The Woodward account goes like this: “One evening during the trilateral summit (in Washington, between Obama, Karzai and Zardari) Zardari had dinner with Zalmay Khalilzad, the 58-year-old former US ambassador to Afghanistan, Iraq and the UN, during the Bush presidency.

“Zardari dropped his diplomatic guard. He suggested that one of the two countries was arranging the attacks by the Pakistani Taliban inside his country: India or the US. Zardari didn’t think India could be that clever, but the US could. Karzai had told him the US was behind the attacks, confirming the claims made by the Pakistani ISI.

“Mr President,” Khalilzad said, “what would we gain from doing this? You explain the logic to me.” “This was a plot to destabilize Pakistan, Zardari hypothesized, so that the US could invade and seize its nuclear weapons. He could not explain the rapid expansion in violence otherwise. And the CIA had not pursued the leaders of the Pakistani Taliban, a group known as Tehrik-e-Taliban-e-Pakistan or TTP that had attacked the government. TTP was also blamed for the assassination of Zardari’s wife, Benazir Bhutto.”

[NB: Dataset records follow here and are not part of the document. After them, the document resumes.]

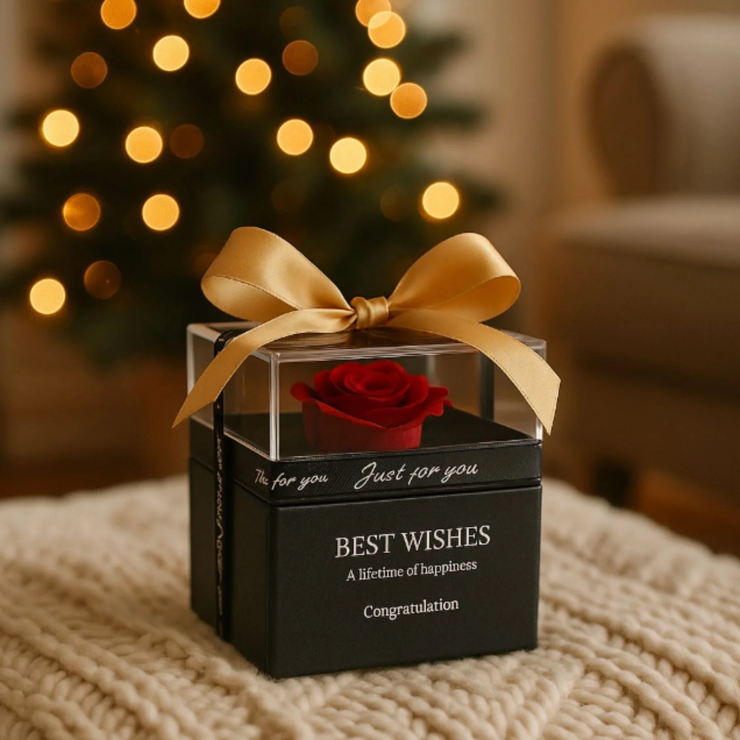 Flore attendait son premier enfant quand son mari lui a offert ce coffret pour leur anniversaire de mariage. Le soir, elle a placé la rose éternelle sur sa table de nuit. Chaque matin, en se réveillant, cette vision lui rappelle la beauté de cette nouvelle vie qui grandit en elle.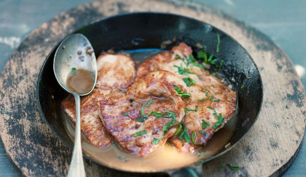 Para obtener el mejor sabor en esta receta es cocinar la carne a temperatura ambiente, para ello debemos sacar la carne de la nevera una hora antes de cocinarla. Salpimentamos por los dos lados y reservamos. Comenzamos pasando los escalopines en una sartén o cazuela baja por aceite de oliva virgen extra Abril Selección, vuelta y vuelta, no más de un minuto por cada lado, no queremos que nos queden duros como piedras. La carne debe quedar jugosa, además se acabará de hacer en la salsa que vamos a preparar a continuación. Retiramos de la sartén a un plato y continuamos con la receta. Preparamos la salsa de vinagre balsámico, para ello pelamos los dos dientes de ajo y los echamos a la sartén con el mismo aceite donde hemos hecho la carne. Lo mejor para tener el sabor del ajo es machacarlo o en un mortero o con un machaca ajos como podéis ver en el vídeo de Terra, así no os encontraréis trozos grandes a la hora de comer, aunque esto va al gusto del personal. Una vez que pillen un tono dorado, echamos el perejil cortado finamente y juntamos con el ajo. Añadimos el vinagre balsámico y el caldo de carne o agua. Dejamos que reduzca durante 5 minutos a fuego fuerte hasta que se forme una salsa espesa como si fuese jarabe. Apagamos la sartén y ya fuera del fuego añadimos la carne y el jugo que haya soltado. Pasamos vuelta y vuelta para que se empape del sabor de la salsa, con que reposeen esa salsa un minuto es más que suficiente. En Italia, se suelen añadir a la salsa unas bayas de enebro, algo de canela en rama y unos clavos de olor para aromatizarla un poco más. Incluso le iría muy bien el toque de una cucharada de miel. Esta salsa es perfecta para barbacoas o para carnes a la parrilla. Podéis guardarla en un bote hermético en la nevera durante unos días (3 ó 4, no más). Ya podemos emplatar, recomiendo añadir una hojita de perejil en la presentación para darle un toque de color al plato. Lo podemos acompañar de unas patatas fritas o de una buena ensalada de tomate o de escarola, os lo dejo a vuestra elección. No os olvidéis de un trozo de pan para mojar la salsa ¡está gloriosa!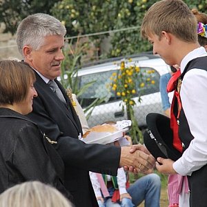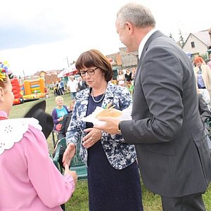 Następnie Maria Pawlak i Hieronim Twardowski, starościna i starosta dożynek przekazali gospodarzowi gminy, burmistrzowi Marianowi Jańczakowi chleb wypieczony z tegorocznego ziarna. Włodarz podziękował rolnikom za trud i zapewniał, że owoce wspólnej pracy, będzie dzielił sprawiedliwie. Złociste bochenki chleba wypieczone z tegorocznych plonów, otrzymali również wszyscy zaproszeni goście, którzy następnie wyruszyli w tłum, by dzielić się chlebem ze wszystkimi.

“We give you targets of Taliban people you don’t go after,” Zardari said. “You go after other areas. We’re puzzled,” Woodward quoted him. But the drones were primarily meant to hunt down members of al Qaeda and Afghan insurgents, not the Pakistan Taliban, Khalilzad responded.

“But the Taliban movement is tied to al Qaeda, Zardari said, so by not attacking the targets recommended by Pakistan the US had revealed its support of the TTP. The CIA at one time had even worked with the group’s leader, Baitullah Mehsud, Zardari asserted.”

Woodward reports: “Khalilzad listened calmly, even though the claims struck him as madness. The US was using the Taliban to topple the Pakistani government? Ridiculous. But Khalilzad knew Afghanistan’s President Karzai also believed in this conspiracy theory, more evidence that this region of the world and its leaders were dysfunctional.”

“Despite Zardari’s claims, Pakistani government officials had received top secret CIA briefings about drone attacks against Baitullah Mehsud’s TTP. A March 12, 2009 attack against a Mehsud compound killed more than two dozen militants, who quickly retrieved the remains of their fallen comrades. And on April 1, another five militants linked to Mehsud, including an al Qaeda trainer, died in a drone strike, according to a CIA briefing given to Pakistan in April.”

This account by Bob Woodward, although old, reveals how initially Zardari and his strategists viewed and tackled the suicide attacks inside Pakistan.

Woodward does not mention, at least in this particular account on pages 116 and 117 that Baitullah Mehsud was later killed by US drone attacks and the theory of Zardari that US was arranging the Taliban attacks inside Pakistan was nothing but hot air. But it is also not clear whether Zardari’s strong conspiracy theory forced the US strategists and CIA to start attacking the Pakistan Taliban and prove him wrong.